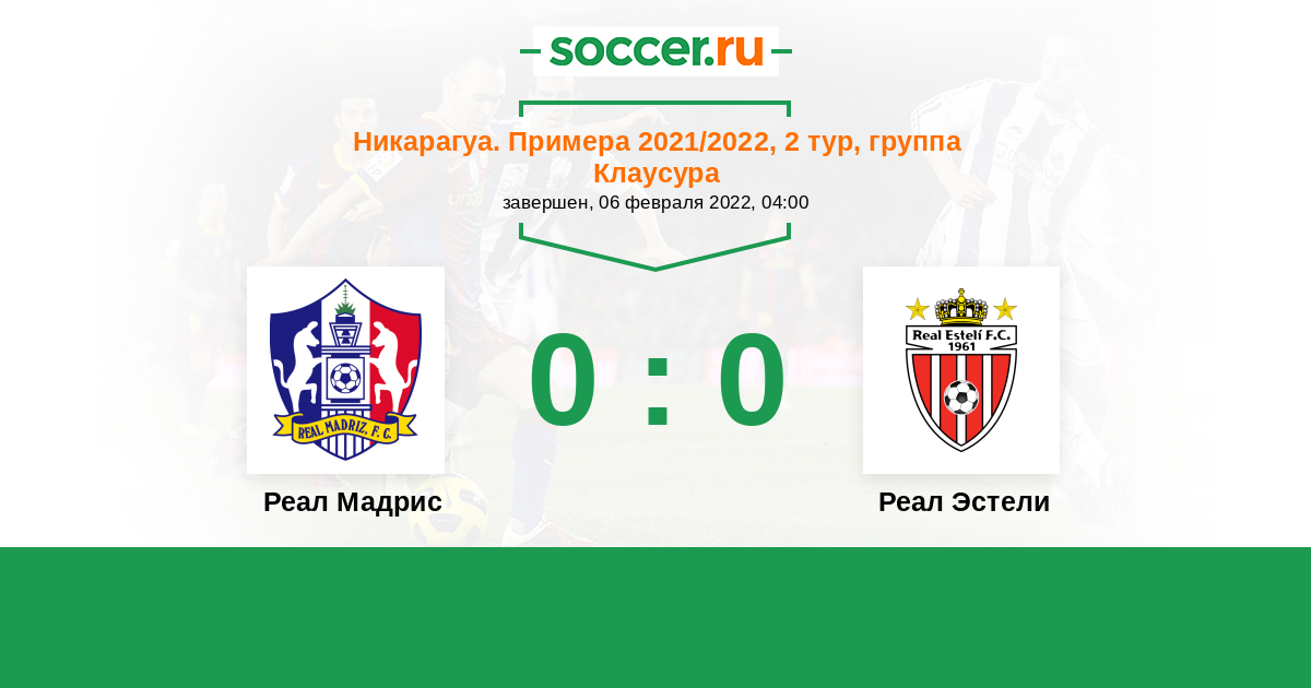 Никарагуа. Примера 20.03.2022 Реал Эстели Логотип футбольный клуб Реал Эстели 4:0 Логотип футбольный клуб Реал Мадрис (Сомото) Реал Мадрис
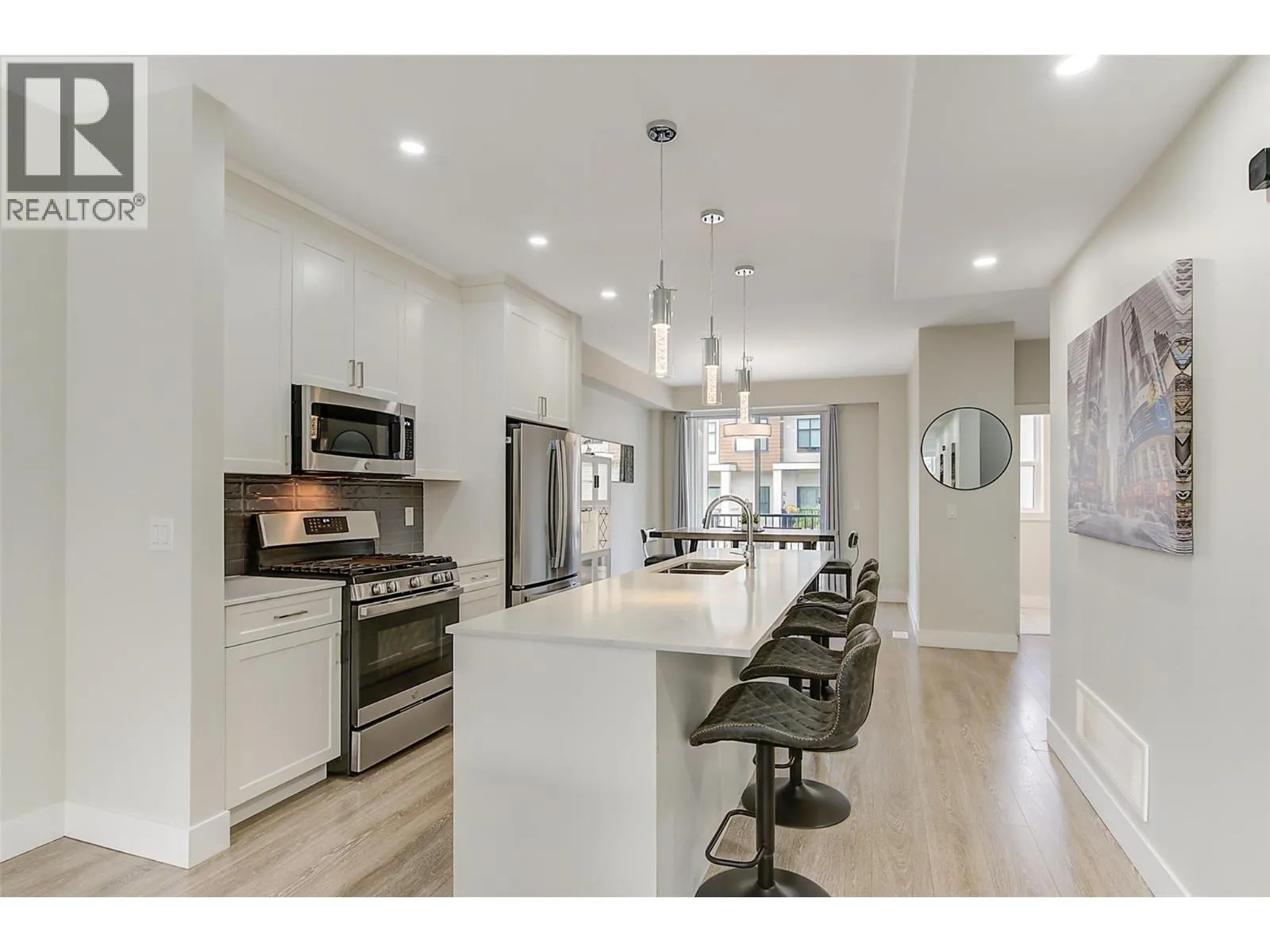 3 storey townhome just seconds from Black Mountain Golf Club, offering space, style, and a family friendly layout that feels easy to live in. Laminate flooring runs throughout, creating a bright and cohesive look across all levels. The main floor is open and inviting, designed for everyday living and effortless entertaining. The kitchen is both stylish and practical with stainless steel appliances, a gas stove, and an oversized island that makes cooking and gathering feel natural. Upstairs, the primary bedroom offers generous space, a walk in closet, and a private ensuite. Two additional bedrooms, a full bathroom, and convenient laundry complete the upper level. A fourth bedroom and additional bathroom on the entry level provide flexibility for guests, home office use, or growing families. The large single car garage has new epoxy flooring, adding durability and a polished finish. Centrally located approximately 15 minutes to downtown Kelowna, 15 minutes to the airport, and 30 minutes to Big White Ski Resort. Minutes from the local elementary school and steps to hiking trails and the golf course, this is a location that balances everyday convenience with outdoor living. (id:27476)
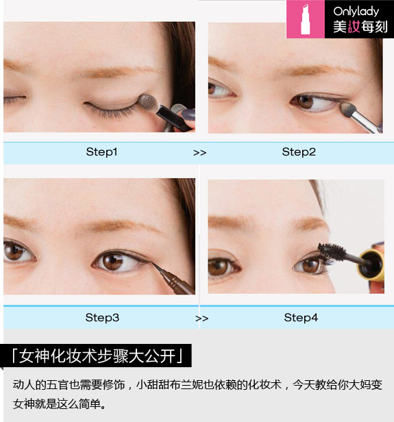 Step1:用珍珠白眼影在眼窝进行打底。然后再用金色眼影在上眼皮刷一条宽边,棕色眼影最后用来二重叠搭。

Work instructions: Give the listing again word for word. Skip every image.

Your response:
 Никарагуа. Примера 20.03.2022 Реал Эстели Логотип футбольный клуб Реал Эстели 4:0 Логотип футбольный клуб Реал Мадрис (Сомото) Реал Мадрис
 3 storey townhome just seconds from Black Mountain Golf Club, offering space, style, and a family friendly layout that feels easy to live in. Laminate flooring runs throughout, creating a bright and cohesive look across all levels. The main floor is open and inviting, designed for everyday living and effortless entertaining. The kitchen is both stylish and practical with stainless steel appliances, a gas stove, and an oversized island that makes cooking and gathering feel natural. Upstairs, the primary bedroom offers generous space, a walk in closet, and a private ensuite. Two additional bedrooms, a full bathroom, and convenient laundry complete the upper level. A fourth bedroom and additional bathroom on the entry level provide flexibility for guests, home office use, or growing families. The large single car garage has new epoxy flooring, adding durability and a polished finish. Centrally located approximately 15 minutes to downtown Kelowna, 15 minutes to the airport, and 30 minutes to Big White Ski Resort. Minutes from the local elementary school and steps to hiking trails and the golf course, this is a location that balances everyday convenience with outdoor living. (id:27476)
 Step1:用珍珠白眼影在眼窝进行打底。然后再用金色眼影在上眼皮刷一条宽边,棕色眼影最后用来二重叠搭。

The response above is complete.